Ross Campbell is a legal engineer and core developer for LexDAO and KALI, in addition to being a corporate attorney.
For this simple reason, I am bullish on DAOs. The existing way we govern things just doesn’t feel final at all. The coordination space cannot call it a day.
But DAOs do have much room for improvement. They optimized for security at the right stage, but did not anticipate, in my opinion, their own success. Self-custody and resilience is great, but so is being usable.
See also: Ethereum’s Technical Evolution and Institutional Interest
Usability issues in DAOs are not unique and are common to other blockchain applications.

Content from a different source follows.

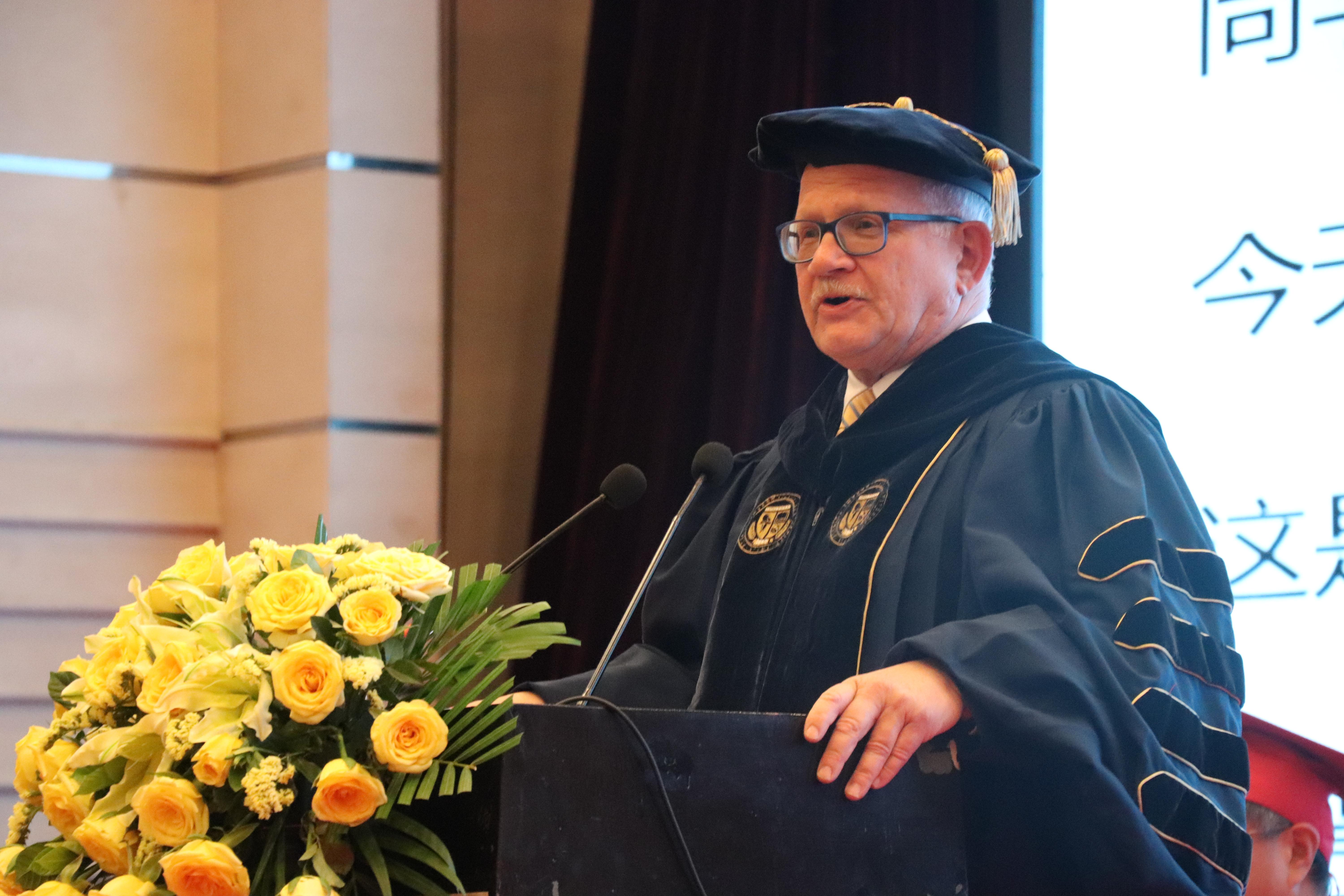 罗森伯格发表了热情洋溢的讲话。他对beat365 官方网站的支持表示衷心的感谢,并对同学们取得的优异成绩感到骄傲自豪。他表示,青岛市正在努力探索成为中国和西半球贸易和运输的远东“终点站”,beat365 官方网站和佛罗里达国际大学之间的伙伴关系,特别是该双学位项目,是加强联系、确保未来经济繁荣的关键。他表示,我们生活在一个巨大变革、新兴技术层出不穷、发展势头迅猛的时代。同学们应在此大背景下把自己的才华和技能用于科研、教学和帮助他人,推动社会和世界的发展。
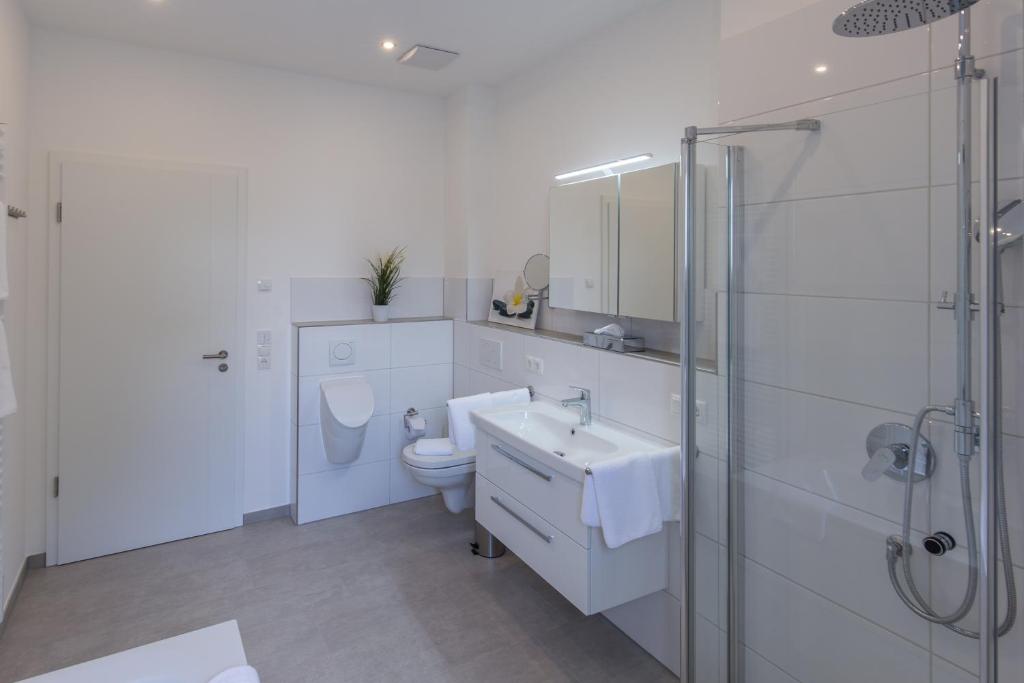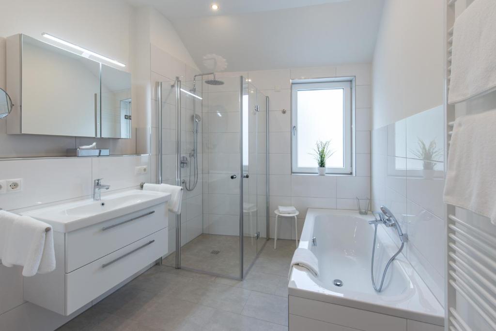 Unser großzügiges Penthaus im Stadtzentrum der im Ahrtal gelegenen Kurstadt Bad Neuenahr-Ahrweiler lädt Sie zum Erholen und Genießen ein. Durch den hauseigenen Aufzug können Sie das Penthouse im 4. Obergeschoss des Objektes bequem und barrierefrei erreichen. Die Terrassen sprechen mit ihrer Ost- und Südwestauslegung ganztägig zum Sonnenbaden an. Mit zwei Schlafzimmern, zwei Bädern und einem “loftartigen” Wohnbereich mit integrierter Einbauküche ist die Wohnung für eine Belegung mit vier Personen ideal geeignet. Für weitere Gäste bietet das vollwertige Schlafsystem, welches im Sofa des Wohnzimmers integriert ist, zwei weitere Übernachtungsmöglichkeit an. Das Bett im Hauptschlafzimmer weißt eine Größe von 180cm x 200cm auf, das Bett im Nebenschlafzimmer sowie das Schlafsofa im Wohnbereich weisen eine Größe von 160cm x 200cm auf. Die Bäder sind jeweils mit einer verglasten und ebenerdigen Duschkabine, sowie Waschbecken und Toilette ausgestattet. Darüber hinaus bietet Ihnen das Hauptbadezimmer eine Badewanne samt Handtuchheizung und zusätzlichem Urinal an. Unsere Wohnungen werden mit Bettwäsche, Handtüchern und Bademäntel an unsere Gäste übergeben. Weiterhin legen wir großen Wert

Chiefly, users don’t want to hold volatile gas tokens or deal with hobbyist UX. They have needed useful abstraction.
The stopgap solution so far in DAOs has been to allow for voting delegation. While this simplifies things and makes governance cheaper (many votes in one transaction), it begins to resemble politics. The flywheel of apathy is hard to ignore: People can’t afford to cast votes on layer 1s, and even on scalable layer 2s; and there is a lack of flexibility around initializing governance, and more importantly amending it.
So many DAOs seem to coast and we only really hear about them when they get hacked or make silly spending decisions that nobody seemed to want.
Each DAO design also tends to be monolithic, partially for development simplicity, but also to also provide a Schelling point to solve for some of the issues mentioned above.
People are asked to understand not only the blockchain and how to use it, but also high-stakes governance systems. Are we therefore surprised they aren’t excited about DAOs?
So, there is more or less a gap between group intents and group outcomes.
To be productive about this (in the spirit of, we have the technology), it is my belief and my recommendation that more people will consider governing more actively in DAOs, and DAOs would therefore be a more…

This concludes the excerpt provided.